The selection of methods one at a time for call protection can be tedious. A call graph builder was developed to simplify the process. This tool computes call graphs starting from entry point methods, checks that the call graph will be linked to the original secured code, and provides the list of methods that have to be secured. This is a standalone tool but its output can be used directly as an input for the translator and the provided Ant tasks allow easy integration.
Using the secure call graph builder has the following advantages over manual selection of methods to secure:
by selecting only one entry point, many methods are secured
at runtime, the selected methods automatically form a secured call stack rooted at the entry point
by default, the tool outputs only the methods of the call graphs that are actually linked to some of the original secured code. If they were not, all the code added to freeze the graph could be removed in one block without affecting the application. For a graph to be secure, the code of at least one of its methods must access a secured field, allocate an object with a secured field, or make a call to a secured API. A call graph that shares methods with another secure call graph is also secure.
The call graphs computed by the builder are geared to their use for call protection. Compared to complete Java call graphs, they have the following limitations:
Only explicit method calls are explored. Implicit calls such as calls to class initializers are not considered because they cannot be secured. The calling context is not completely under control of the translator so that a proper secured call context cannot be created.
Only methods in application classes are explored. Building the call graph further is unnecessary since the bytecode outside of application classes cannot or are not allowed to be modified to perform secured calls.

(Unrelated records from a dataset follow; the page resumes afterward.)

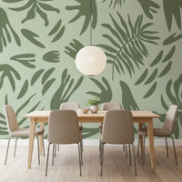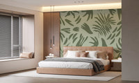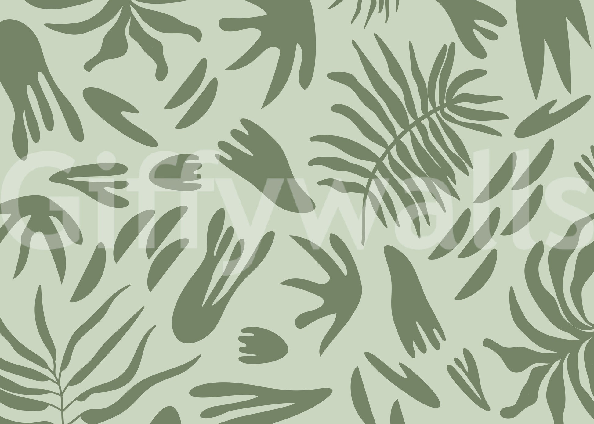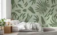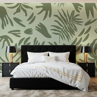 Transform your living space with this captivating abstract botanical wallpaper for walls. Its modern design features an array of stylized leaf and organic shapes, creating a fluid and continuous pattern across your surfaces. The serene color palette showcases soft sage green as the backdrop, beautifully contrasted by deeper olive green forms. This sophisticated blend offers a calming and refreshing atmosphere, perfect for fostering tranquility. Install this elegant pattern in bedrooms, living rooms, or home offices to cultivate a peaceful retreat. It complements minimalist and contemporary interiors, adding a touch of natural artistry without overwhelming the room. The clean lines and biophilic elements enhance any space with subtle visual interest and a sophisticated, organic feel.
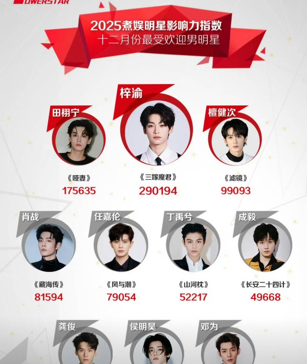 内娱新生代顶流的天花板,被梓渝焊死了!2025年12月“煮娱最受欢迎男明星”榜单新鲜出炉,梓渝毫无悬念拿下TOP1,这已经是他从9月开始连续第四个月稳坐榜首宝座,而且每期都是以断层数据碾压对手,12月更是直接把第二名的热度值甩出快一倍,说一句“断层式领跑”都算是谦虚了。
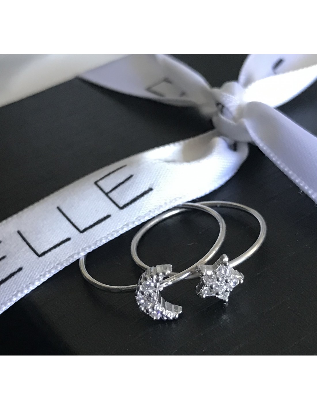 Moon ring with cubic zirconia
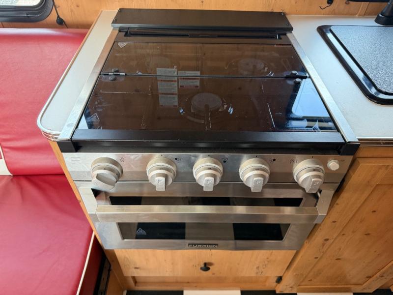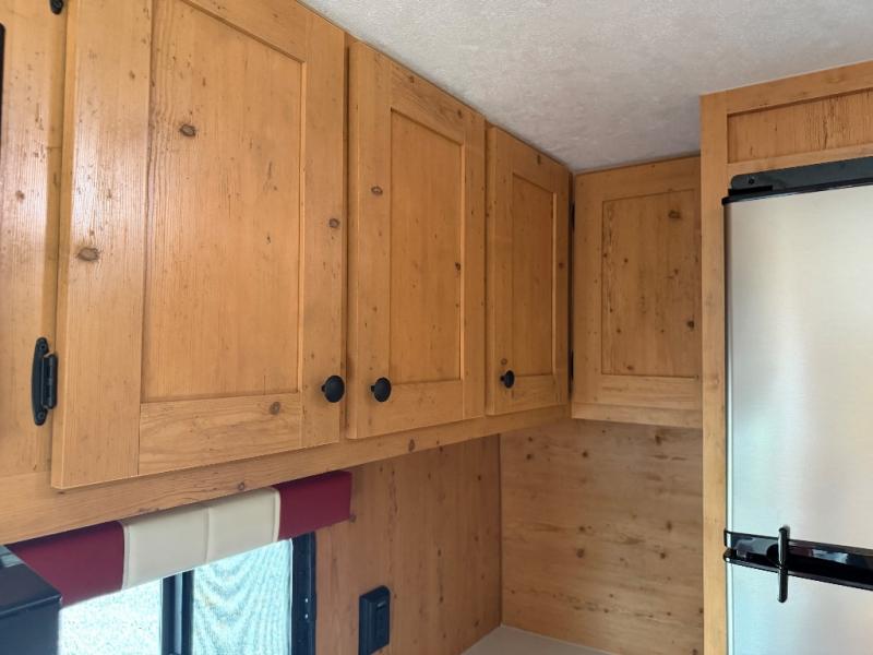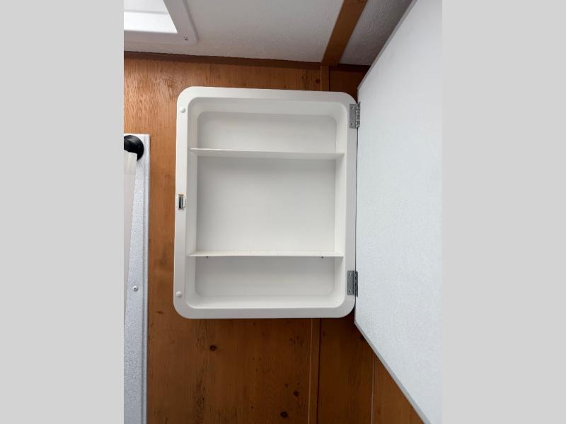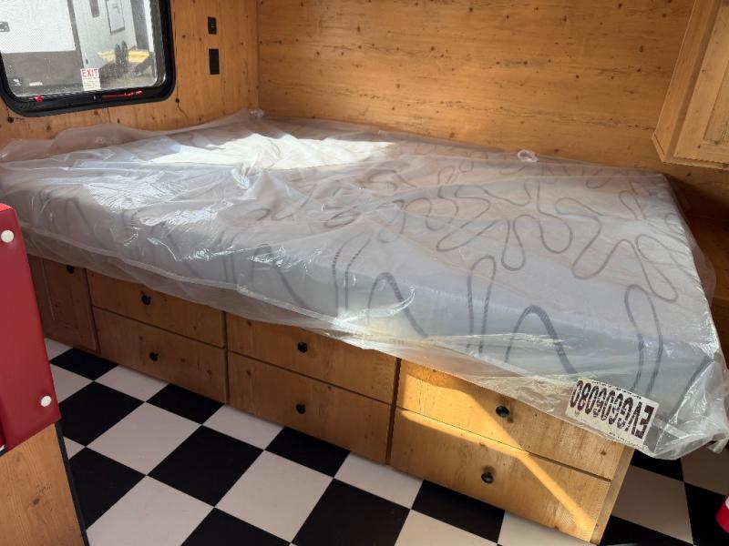 At the front of the trailer, a spacious 60" x 74" bed provides a cozy retreat where you can unwind and enjoy a restful night’s sleep. Moving toward the center, the booth dinette offers a comfortable space to dine or relax, while the 56" sofa across, adds additional seating for lounging or entertaining. In the rear corner, the kitchen comes fully equipped with a 10.7 cu. ft. refrigerator to keep your groceries fresh, a three-burner cooktop, and a microwave, giving you everything you need to cook in comfort. Opposite the kitchen, the full bathroom includes a 30" x 36" shower, allowing you to freshen up in privacy without relying on campground facilities. Thoughtfully designed and efficiently arranged, this layout offers the perfect balance of comfort, convenience, and home-like functionality.
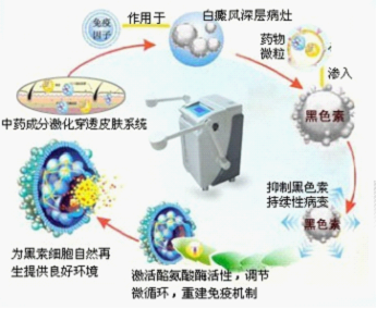 经雾化药物纯度高,呈微粒状态,并含多种微量元素,易于吸收,药效可直接渗透于细胞之中,多种功效有机结合,靶向治疗,深度修复,从而刺激黑素细胞的增殖和移行,激活酪氨酸酶的活性,加速酪氨酸的氧化和聚合,从而促使黑色素合成增加。中药药物活性能激活修复黑色素细胞获取营养的供应通道,使黑色素细胞正常营养供应,以其极强的穿透性、亲和性和抑制性快速激活功能低下的黑色素细胞,促使黑色素细胞成活以及增殖,形成自主色素区,最后定居在表皮的基底层,形成黑素细胞储库,持久保持皮肤的正常肤色。
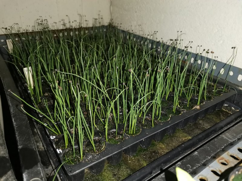 Frühlingszwiebeln mache ich einzeln und in einer Platte mit kleineren Töpfen. 2cm rund und 4cm tief.

No type analysis is performed to prune the method implementations that cannot actually be called from a given site. This analysis could produce a more precise call graph but for call protection, all the methods that share at least one common call site must be secured in one group. Proving that a method implementation cannot be called from a given site is not enough. The correct verification would require a global analysis at the application level to show that the implementation is never called.
The com.validy.technology.annotation package
defines three annotation classes, SecureField,
SecureMethod, and
SecureCallGraph. To use these annotations, you
must add the vldy-tech-annot.jar file to your
class path. The last annotation is used only by the call graph
builder, the translator simply ignores it and removes it from the
bytecode it transforms.
The SecureField annotation takes one
optional parameter called registerNumber.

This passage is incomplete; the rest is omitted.